The TWEAK parameter,
available with the FPE algorithm only, can mask identical strings
within source values by using other strings within each source value
to influence the masking process. For example, for two source values
such as ABC-123 and DEF-123, the TWEAK parameter can mask the 123
string in each value by using the preceding string to produce the
masked values ABC-981 and DEF-704.
While the
FPE algorithm offers an industry standard level of encryption, consider
using the default algorithm when your data does not require such encryption.

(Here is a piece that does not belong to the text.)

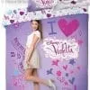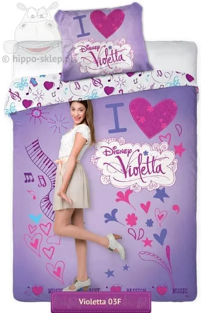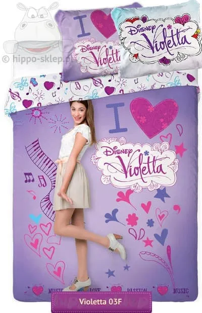 Pościel Violetta 03 z Tini Stoessel odgrywającą rolę tytułowej Violetty głównej postaci serialu znanego z Disney Channel o dziewczynie obdarzonej przepięknym głosem. Pościel z Violetty bawełniana (100%) dwuczęściowa z poszwą na kołdrę w rozmiarach 140x200 lub 160x200 a także 135x200 lub 150x200 cm w zależności od wybranego wariantu oraz jednej poduszki 70x80 cm. Pościel posiada certyfikat Oeko-tex standard 100 oznaczający wykonanie z materiałów bezpiecznych dla skóry. Świetny i praktyczny upominek dla fanki Tini Stoessel i serialu.
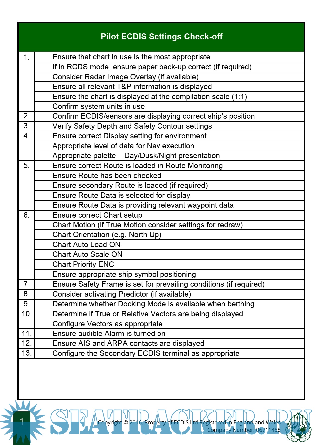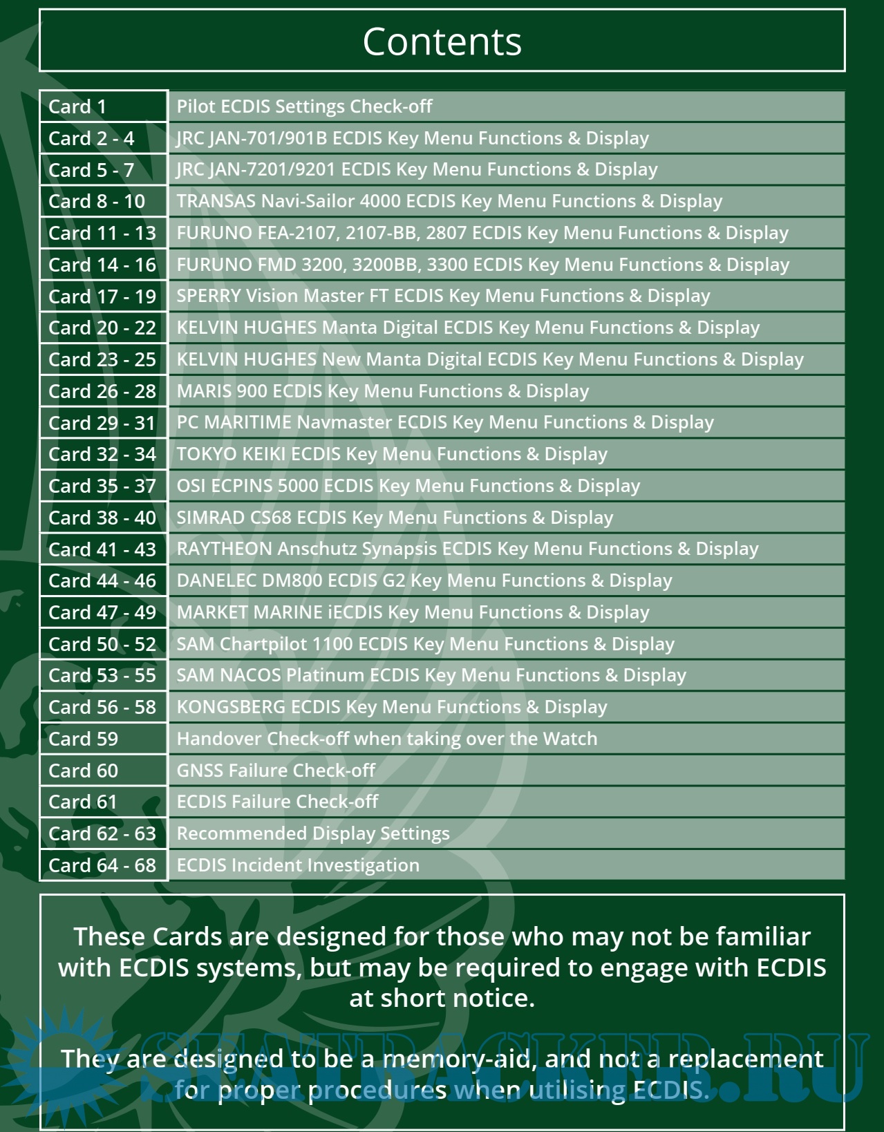 Pilot 'Check Off Cards- Various Manufacturers ECDIS

The most significant differences between the two algorithms are the
degree of varied masking patterns, the time that is required to complete
the masking effort, and the strength of the masked results. The default
algorithm usually outperforms the FPE algorithm in processing time,
as the FPE algorithm in most cases takes more time to complete. The
complexity of the input data can add more time to the masking operation
of the FPE algorithm, depending on the amount of parallel processing
and I/O being performed.
Examples
- Account numbers
- Masking account numbers might require that the account number
format is maintained while producing repeatable results for testing.
To meet these requirements, you might use the following syntax:
pro=aff, algo=fpe, mtd=rep, key="Xyz123", rule=num, whenmatch=prefix(“33”),
flddef1=(name=acctnbr, datatype=varchar_sz )
This example
uses the following parameters:
- ALGO=FPE
- The FPE algorithm offers a high level of encryption and produces
masked values that are much less likely to reveal the original source
value than the default.
- MTD=REP
- This parameter produces consistent target values when the same
data is processed multiple times.
- KEY="fpekey123"
- This parameter provides the case-sensitive encryption key for
the FPE algorithm. To produce repeatable results, use the same key
value.
- RULE=NUM
- This parameter ensures that numeric source values produce numeric
target values.
- WHENMATCH=PREFIX
- This parameter prevents identical source and target values by
adding a prefix to target values that match the source.
This syntax produces following results:
| Source values |
Masked values |
| acct12345 |
uaho84506 |
| acct12345 |
uaho84506 |
| acct56789 |
uaho66769 |
- Driver's license numbers
- Masking drivers license numbers might require that the format
is maintained, as the format might be unique to the issuing agency.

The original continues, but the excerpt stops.